I saw an ad for Train-Rite retired gun that said it was compatible with Bumper Boys. Has anyone tried the BB as a remote release for the Train- Rite ? This would be great, the last thing you need is another transmitter in your hand

Thanks in advance
Tom D


----------



## silver1108 (Feb 27, 2005)

Hi
I have three derby doubles and one train rite retirerd gun. I operate them all off the same control and they work great.I would buy another train rite so that I can do a double retirerd gun. They work really good


----------



## mjh345 (Jun 17, 2006)

Does the train rite take a place on the BB remote. 
For instance the BB remote will operate up to 4 BB's; if you used the train rite- retired gun would that mean you could only run 3 BB's with 1 train rite 2 BB's with 2 train rites etc?
In order to do a quad with 2 retired guns, would you need 2 remotes?
Thanks


----------



## silver1108 (Feb 27, 2005)

No
On your bumber boy remote is a seperate button for motion.
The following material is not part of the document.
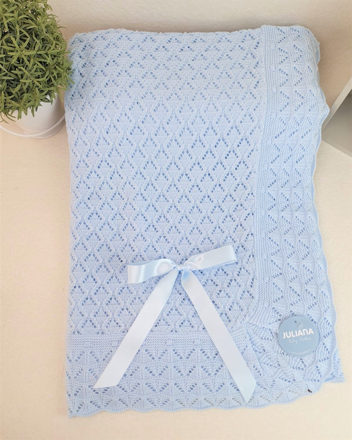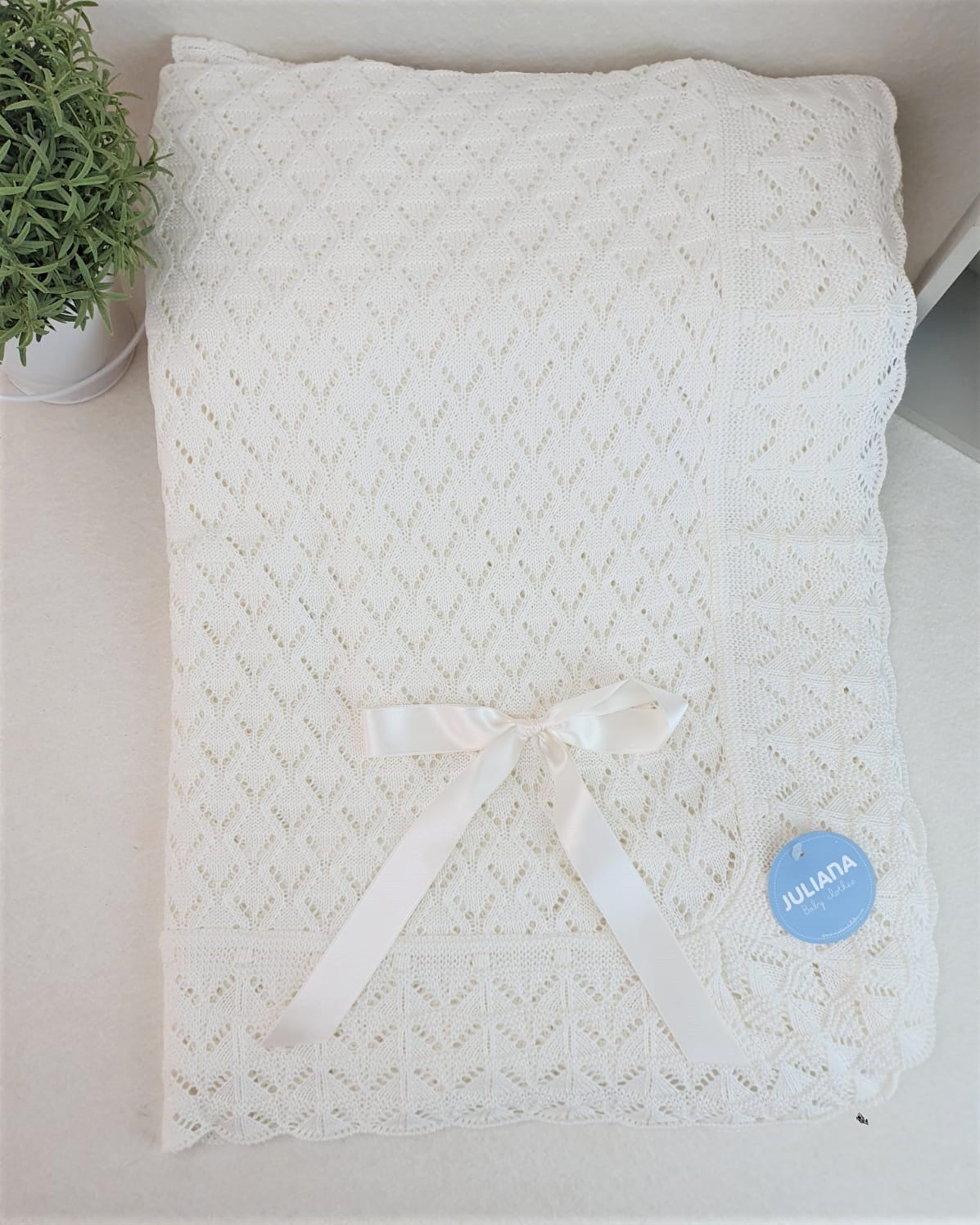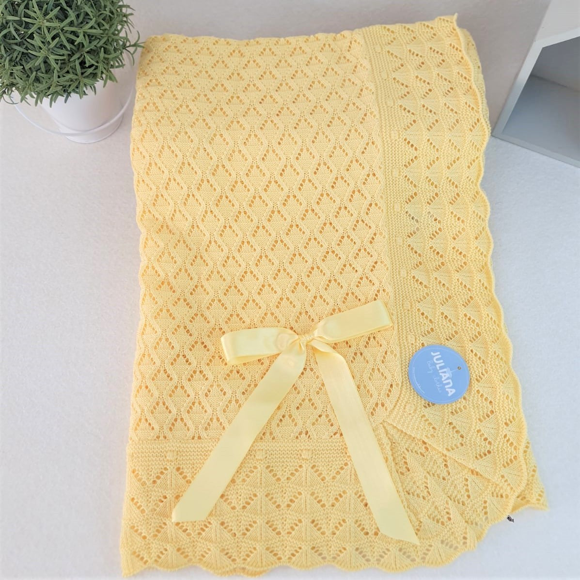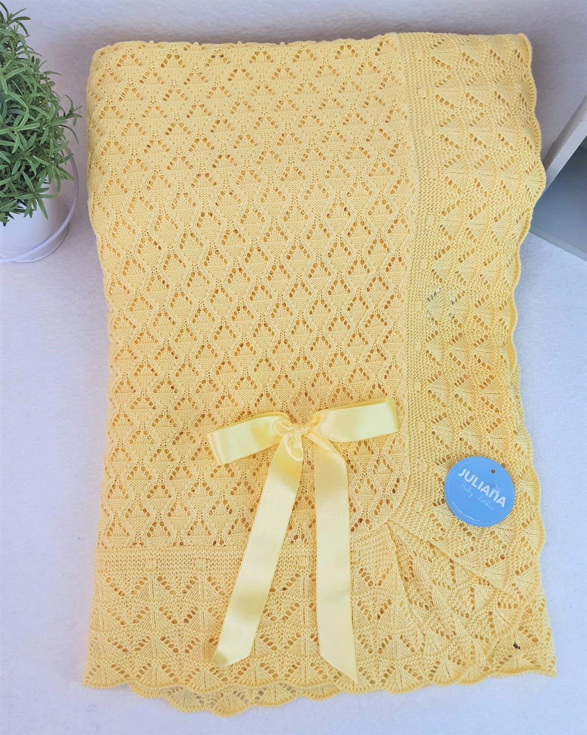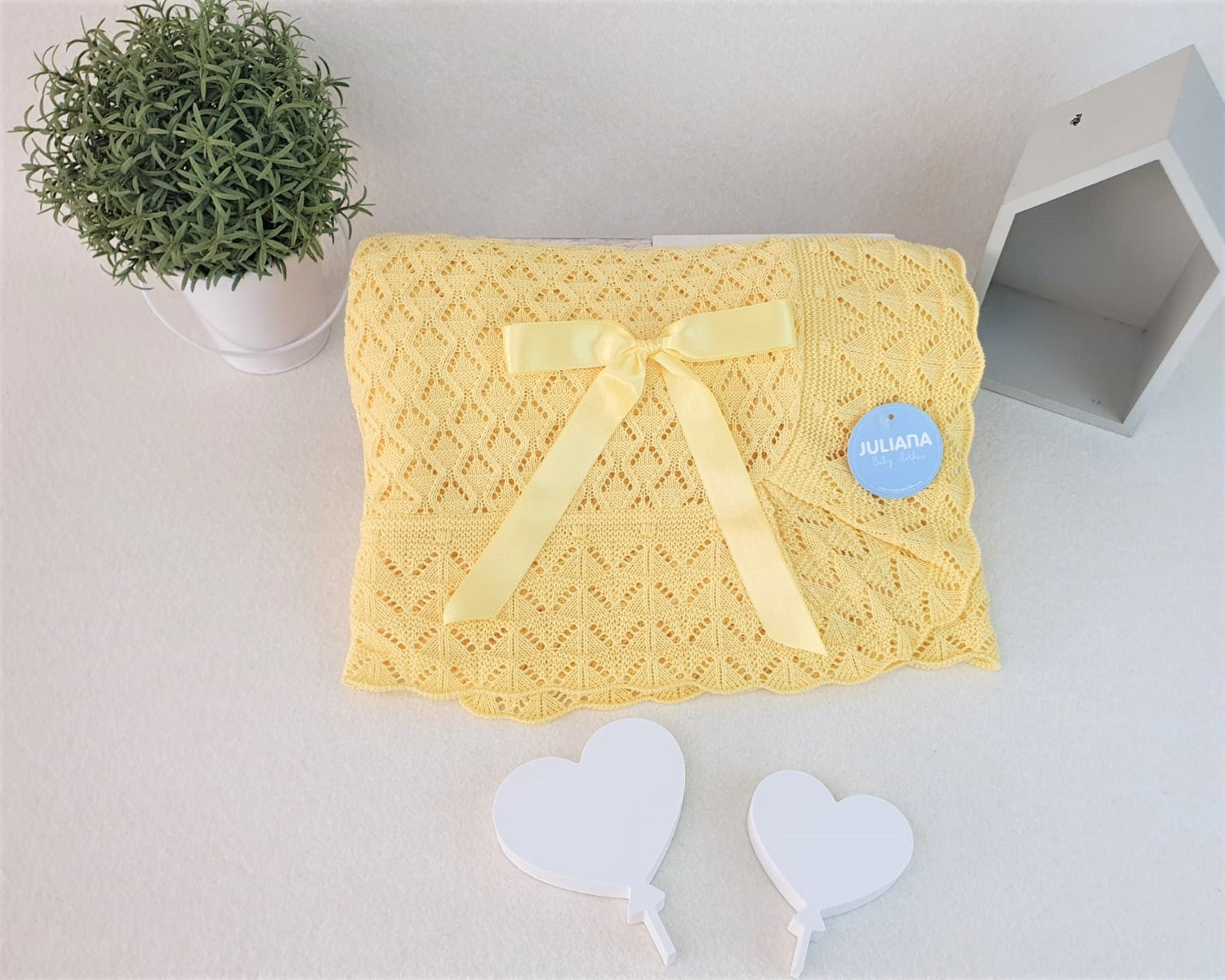 Toquilla de hilo para la estación de primavera / verano. Tiene un tacto muy agradable, y es ideal para cubrir o enrollar a tu bebé recién nacido.

You could run 4 bumber boys- each with sound and 4 retirerd guns from one transmitter


----------



## Tom D (Jan 3, 2003)

So if I purchase a Train- rite for $99.00 and a $10.00 harness from BB this unit will work off one of my existing BB with out the need for an extra receiver.


----------



## MardiGras (Feb 9, 2004)

We also have a Train Rite and works just fine off one control. We hook a winger and a train rite up at the same gun station and both work fine off one remote.


----------